My mother shared with me her distinct memories of the final moments of her parents putting her on the train; her father gave her a mouth organ to cheer her up as they waved goodbye.
Her most vivid recollection was of her asking the question ‘Why me?’ – a question that remained with her for the rest of her life.
My mother didn’t remember much of the journey itself. As one of the older children, she was asked to look after the younger children under six. That gave her something to distract her from what was happening.
She was met by a second cousin of her mother at Liverpool Street station and spent her early weeks in London in their flat in West Hampstead. She attended schools in various rural locations as London was being heavily bombed. Later, around 1941, she was united with her aunt, who already lived in the UK, and they moved to Leeds.
Throughout the war, my mother continued to hope that she would be reunited with her parents and Czech family. She wrote to them regularly and received responses from them periodically until 1942, when they were transported initially to Terezin – and then Auschwitz.
And yet, my mother’s expectation of returning to Czechoslovakia, and her family, remained. She was unaware of the scale of what was happening to European Jewry during the war and clung to her hopes of being reunited with her family when the war ended.
Sure enough: In her scrapbook, my mother still has saved a very moving telegram she received from a Czech family friend in July 1945, informing her that my grandmother was still alive.
You can imagine what it was like for her to receive this telegram!
Within weeks, my mother travelled back to Prague for an emotional reunion.
Friedl, her mum – my grandmother – was the only survivor from their family. Mum remembers that early period as being very intense and a mixture of extreme sadness and happiness for both of them.
At the end of the war my mother signed up for a course in personal management at Leeds University.
My parents married in 1949 soon after they met socially in London. By then, my grandmother had arrived in London and the wedding was arranged to coincide with my grandmother’s arrival.
While it wasn’t a particularly happy marriage, my mother did find the ready-made family she craved following the loss of her own birth family, and which my dad was able to offer her.
Much later, in the 1990s, my mother began to feel a real affinity with the Kindertransport and her personal experience, which she shared in talks with primary school kids organised through the Association of Jewish Refugees (AJR).
Meeting Nicholas Winton in 2008 was such a significant moment for my mother. She not only met the man who had saved her, but who had also met both her parents. It was a connection she had to her past. I too met him at the premiere and was able to briefly thank him for his work.

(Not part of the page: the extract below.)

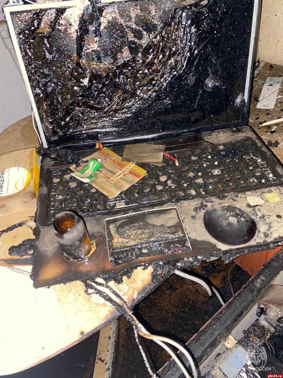 На фото не весь материальный ущерб: повреждены балкон, диван, компьютерный стол и ноутбук, гарь покрыла квартиру.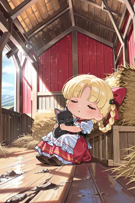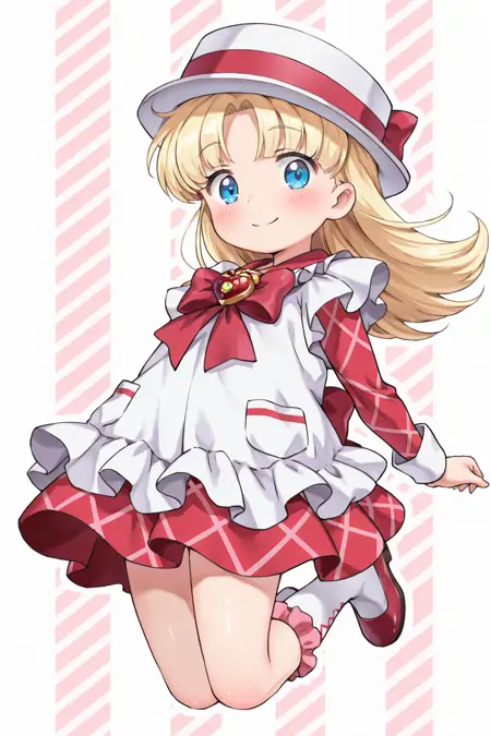 포크피 해트, 빨간 모자 리본, 금발 머리, 긴 머리, 돌려진 머리, 중간 갈라진 앞머리, 파란 눈, 드레스, 빨간 드레스, 에프론, 흰 에프론, 프릴이 있는 에프론, 긴 소매, 아르글레이, 손목 커프, 브로치, 하트 브로치, 가슴 리본, 뒤쪽 리본, 프릴, 우산, 파라솔, 양말, 신발, 리본, 춤추기, 회전, 우산 들고 있음

My mother had a full life in the UK. She spent most of her life here and was very proud to be British, the country that gave her refuge.

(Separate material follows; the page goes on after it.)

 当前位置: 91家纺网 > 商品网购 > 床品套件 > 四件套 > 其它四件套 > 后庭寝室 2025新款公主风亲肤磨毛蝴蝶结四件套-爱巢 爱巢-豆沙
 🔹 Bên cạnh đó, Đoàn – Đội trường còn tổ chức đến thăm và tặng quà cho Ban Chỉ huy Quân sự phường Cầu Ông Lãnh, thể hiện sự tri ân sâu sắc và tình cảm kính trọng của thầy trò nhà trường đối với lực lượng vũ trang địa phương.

This is especially important for me on this 85th anniversary of the Kindertransport – because many among the current generation of asylum seekers do not have a similar experience of seeking asylum in the UK as my mother; nor are they treated as well as she was.
I doubt if my mother would have even gained entry to the UK in 2024.

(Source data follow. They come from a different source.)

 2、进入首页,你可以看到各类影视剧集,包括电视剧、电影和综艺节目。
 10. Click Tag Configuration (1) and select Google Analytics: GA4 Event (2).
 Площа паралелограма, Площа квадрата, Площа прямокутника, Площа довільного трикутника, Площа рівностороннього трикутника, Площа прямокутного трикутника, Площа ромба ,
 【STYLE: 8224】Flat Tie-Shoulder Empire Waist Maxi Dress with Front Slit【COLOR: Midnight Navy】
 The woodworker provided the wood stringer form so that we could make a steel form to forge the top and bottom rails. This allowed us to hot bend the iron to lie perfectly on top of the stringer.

I hope for better things from the new Labour government, including sorting out the policy and processing of refugees and asylum seekers.
Because of my personal family experience, speaking out about the treatment of refugees and asylum-seekers in this country has a strong impact for me. That is why I became Chair of both René Cassin, the Jewish voice for human rights, and the refugee befriending charity HostNation, where I work towards achieving safe routes for refugees into the UK.
It is part of my DNA to help those in need, just like my mother received help back when she needed it. Refugees were welcomed to the UK then, and they should continue to be welcomed with compassion today.